The Long and Winding Road to High Reliability
Although reliability engineering is a well-established discipline today, the concept itself has a long history of improvements made to ensure that electrical and electronic components are not only reliable but predictable. RF or microwave devices, subsystems, and systems have evolved in lockstep with the evolution of reliability engineering, and today even if a component is not explicitly called “hi-rel,” it will still be more reliable than a similar component of even a decade ago.
The foundation of what today is considered reliability prediction arose from probability and statistics described by Blaise Pascal and Pierre de Fermat in the 1600s, and it evolved quickly into statistical quality and process control once large quantities of goods became possible in the 1920s. The word reliability itself was coined by the poet Samuel Taylor Coleridge in 1816, which he used to compliment one of his contemporaries.
However, it took quite a while before an association with electrical devices was established, primarily because there were relatively few of them until just before World War II. Huge amounts of electronic equipment were needed in a very short time, revealing the fallibility of all types of electrical components, and especially vacuum tubes.
That’s not to say that no one took reliability into consideration before the war, and a classic example is Charles Lindbergh’s extraordinarily thorough assessment of engine reliability leading up to his 1927 solo flight from New York to Paris. It remains one of the most impressive feats of planning.

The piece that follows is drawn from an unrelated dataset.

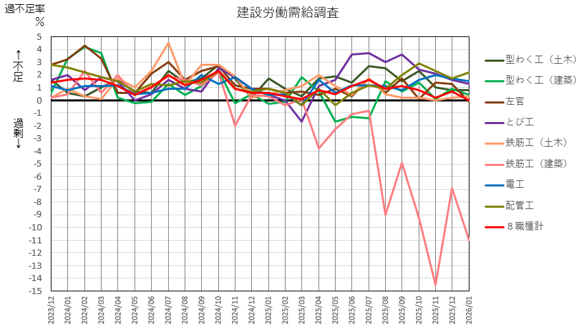 全国の8職種の過不足率は、1月は0.0%の均衡、前月(12月・0.7%の不足)から、0.7ポイント不足幅が縮小した。左官、鉄筋工(建築)で過剰、その他の職種で不足となっている。
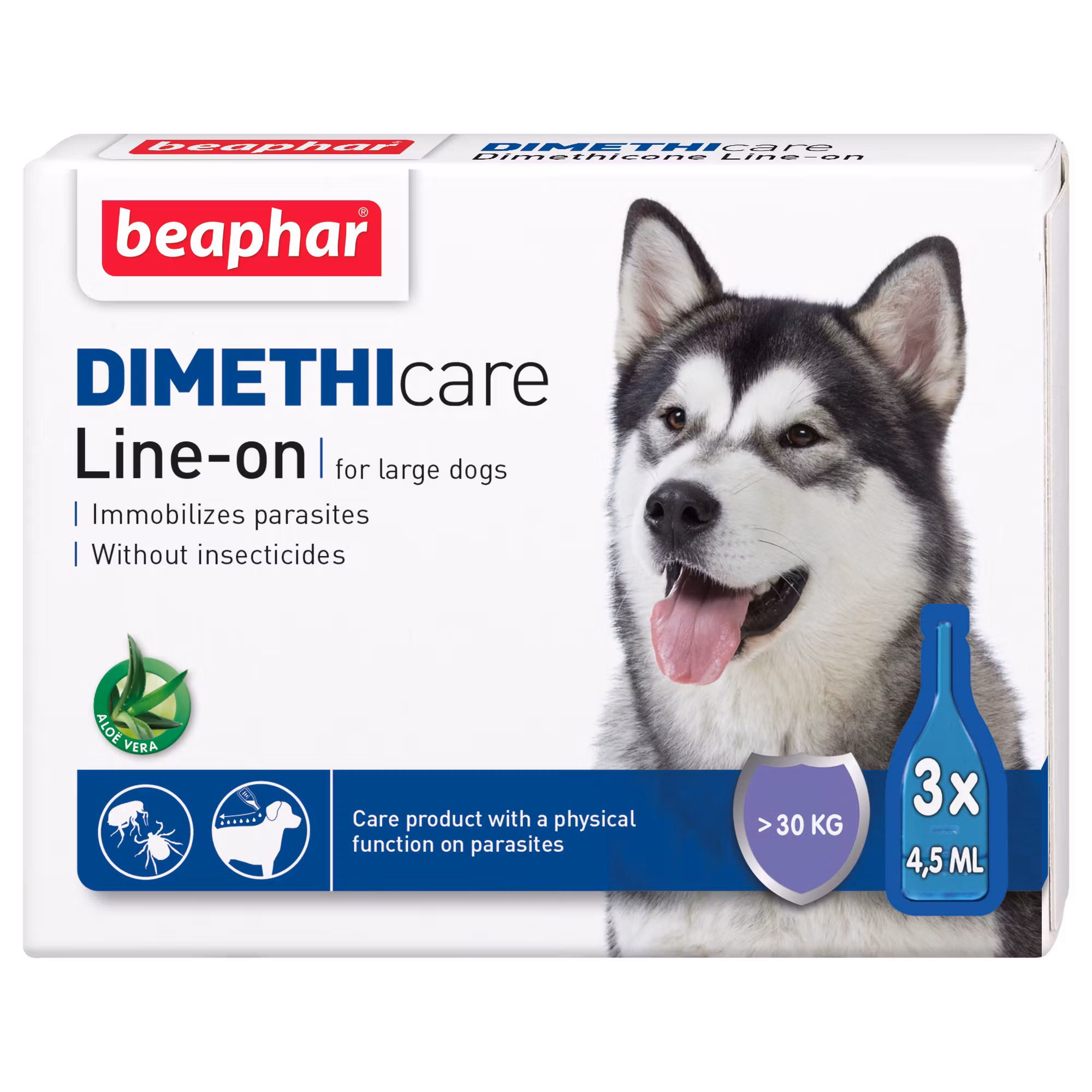 Beaphar Dimethicare Line-On är en vårdprodukt för hundar från minst 12 veckors ålder. Den stödjer upprätthållandet av en frisk hud och päls. Duo-komplexet med närande aloe vera och dimetikon immobiliserar fästingar, loppor och andra parasiter som myggor, kvalster och löss genom rent fysiska medel. Beaphar Dimethicare innehåller inga kemiska insektsmedel, utan silikoner (dimetikon) som bildar ett klibbigt lager runt fästingar, loppor, kvalster, etc. Som ett resultat blir de förlamade. Parasiterna faller av pälsen eller kan borstas bort. Innehållet i 1 pipett har en närande effekt på pälsen i cirka 8–10 dagar och pälsen blir inte klibbig. Dimetikon är effektivt i alla livsstadier hos loppor.

One of Lindbergh’s many crucial decisions was the number and reliability of the engines chosen to power the Spirit of St. Louis. He had a choice of using up to three engines, and (simple) logic dictates that multiple engines would be more reliable and safer than one. He had settled on a plane built by Ryan Aircraft and as he had experience flying with Wright Aeronautical’s JC-5 Whirlwind nine-cylinder, air-cooled engine (Figure 1), he insisted that it be used on the Ryan aircraft.
A three-engine configuration was ruled out as too complex, heavy, and costly, and although a twin-engine plane had benefits in terms of speed and fuel load, in his era aircraft required two functioning engines to fly. This meant that from a reliability standpoint a single failure was essentially a total one. But there were other conflicting factors, as a twin-engine aircraft would have an engine failure rate half that of a single-engine version, and the plane potentially had a higher probability of survival overall. On the other hand, Lindberg highly valued the light weight and less complexity of a single-engine aircraft.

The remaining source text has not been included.